Audio Segmentation for Audio‑based Respiratory Anomaly Detection

We breathe as we live, and the breathing sound can offer much information on our health, more specifically on our respiratory condition. Even before COVID-19, research has been done to use breathing sounds to detect illnesses and anomalies in the human respiratory system, which can be very useful for the elderly, infants, and anyone with a compromised ability to convey discomfort. However, traditional anomaly detection systems require sampling and running detection algorithms on the audio samples, which can potentially lead to inaccuracy and inefficiency. Instead, through segmentation into breathing cycles, the breathing audio can be fed into the anomaly detection algorithm in an event-driven approach with a greater focus on the audio.

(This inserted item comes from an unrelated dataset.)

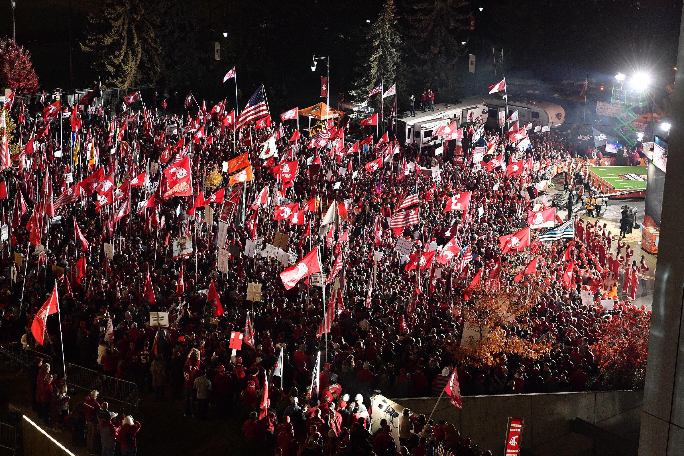 A state of emergency was declared in Pullman before the ESPN College Gameday bus even rolled into town. A sea of crimson flags flew high and proud on the corner Ferdinand’s Lane and Stadium Way one very early Saturday morning. Lee Corso donned the Butch T. Cougar head as the freshly ranked No. 25 Cougars hosted the No. 12 Oregon Ducks. After taking a commanding 27-0 lead into the half, the crowd started to feel anxious as the Ducks drew closer. Up by seven with 3:40 to go in the game on the Ducks 22 yard line, Pullman’s folk lore hero Gardner Minshew and his trademark bushy upper lip hair dropped back, threw the ball over the middle to a streaking Dezmon Patmon and Tim Brando said it best before a swarm of Coug fans stormed the field following the 34-20 win just minutes later.
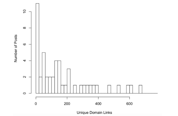 What is even more staggering is the number of unique linking domains. The average per post is 275 and the median is 137. When we looked at a million posts at random we found over 50% did not receive a single link.

This study was done under the supervision of Professor Arindam Basu and it involved exploring audio feature extraction techniques which can be used to better detect breathing cycles. While energy and frequency-based features such as Mel-cepstral coefficients (MFCC) and chromagram can be used for audio processing, this study found that spectral features such as root-mean-square and centroid can be sufficient for a simple, fast, and effective feature to detect the breathing cycles (inhalation and exhalation). This project was awarded the CY1400 research award, an award which is given to CN Yang Scholars who did excellent work in their CY1400 research module.

MFCC

Image above: MFCCs obtained from one of the breathing audio sample.

Spectral Centroid

Image above: Spectral centroid (red) which envelopes the audio signal (blue), with the breathing cycles boundaries located at the peak and troughs (red-dotted lines).